EXERCISE DETAILS:
From the records below, copy out exactly the lines from the one containing "O3+ Oxy D-Tan" to the one containing "[서울=뉴시스] 김완기 특허청장이", both included. Add nothing else.

EXERCISE MATERIALS:
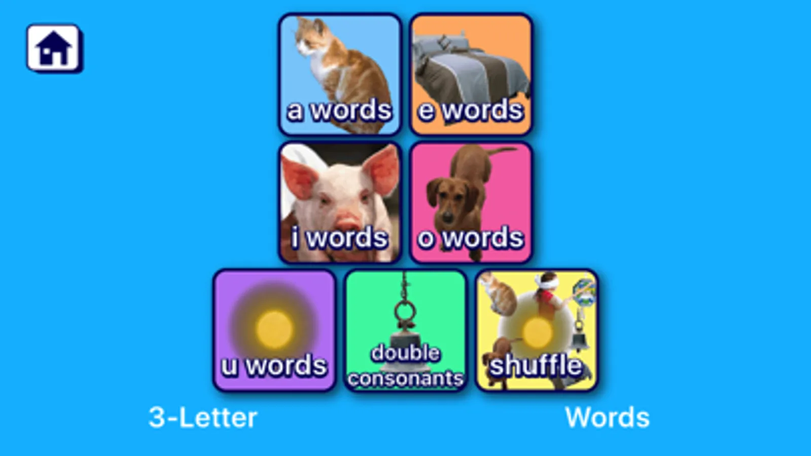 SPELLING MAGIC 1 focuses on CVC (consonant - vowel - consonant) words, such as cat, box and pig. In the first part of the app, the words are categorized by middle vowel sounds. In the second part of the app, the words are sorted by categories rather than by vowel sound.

--

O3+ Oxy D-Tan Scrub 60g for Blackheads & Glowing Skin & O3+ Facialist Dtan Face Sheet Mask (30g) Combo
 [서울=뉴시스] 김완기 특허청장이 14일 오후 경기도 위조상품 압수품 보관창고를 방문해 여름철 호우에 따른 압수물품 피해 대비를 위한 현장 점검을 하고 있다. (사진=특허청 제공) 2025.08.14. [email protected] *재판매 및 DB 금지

--

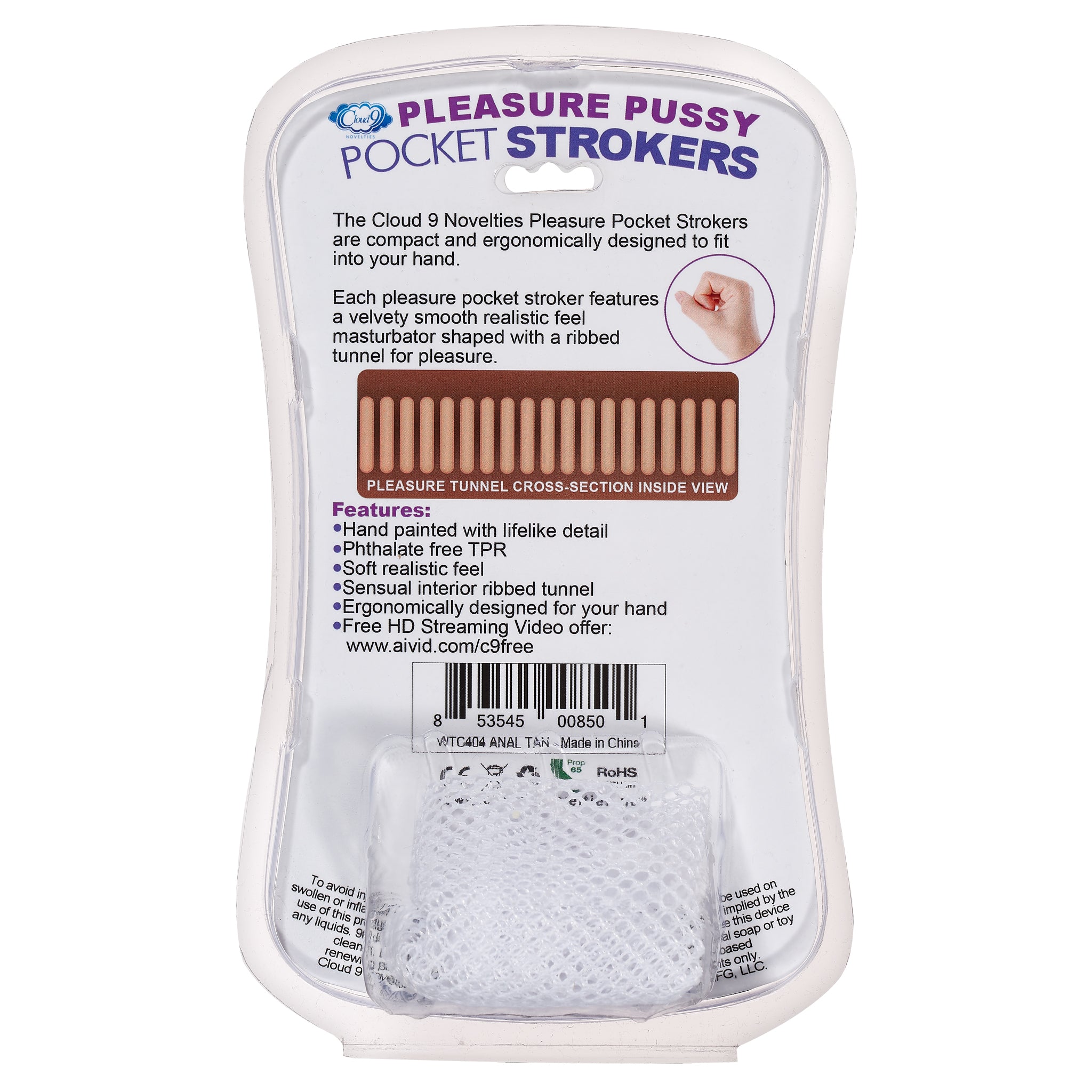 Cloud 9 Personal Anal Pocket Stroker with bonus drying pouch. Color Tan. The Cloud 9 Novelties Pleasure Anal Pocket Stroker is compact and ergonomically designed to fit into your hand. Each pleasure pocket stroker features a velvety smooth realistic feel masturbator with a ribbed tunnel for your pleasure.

ANSWER TO THE EXERCISE:
O3+ Oxy D-Tan Scrub 60g for Blackheads & Glowing Skin & O3+ Facialist Dtan Face Sheet Mask (30g) Combo
 [서울=뉴시스] 김완기 특허청장이 14일 오후 경기도 위조상품 압수품 보관창고를 방문해 여름철 호우에 따른 압수물품 피해 대비를 위한 현장 점검을 하고 있다. (사진=특허청 제공) 2025.08.14. [email protected] *재판매 및 DB 금지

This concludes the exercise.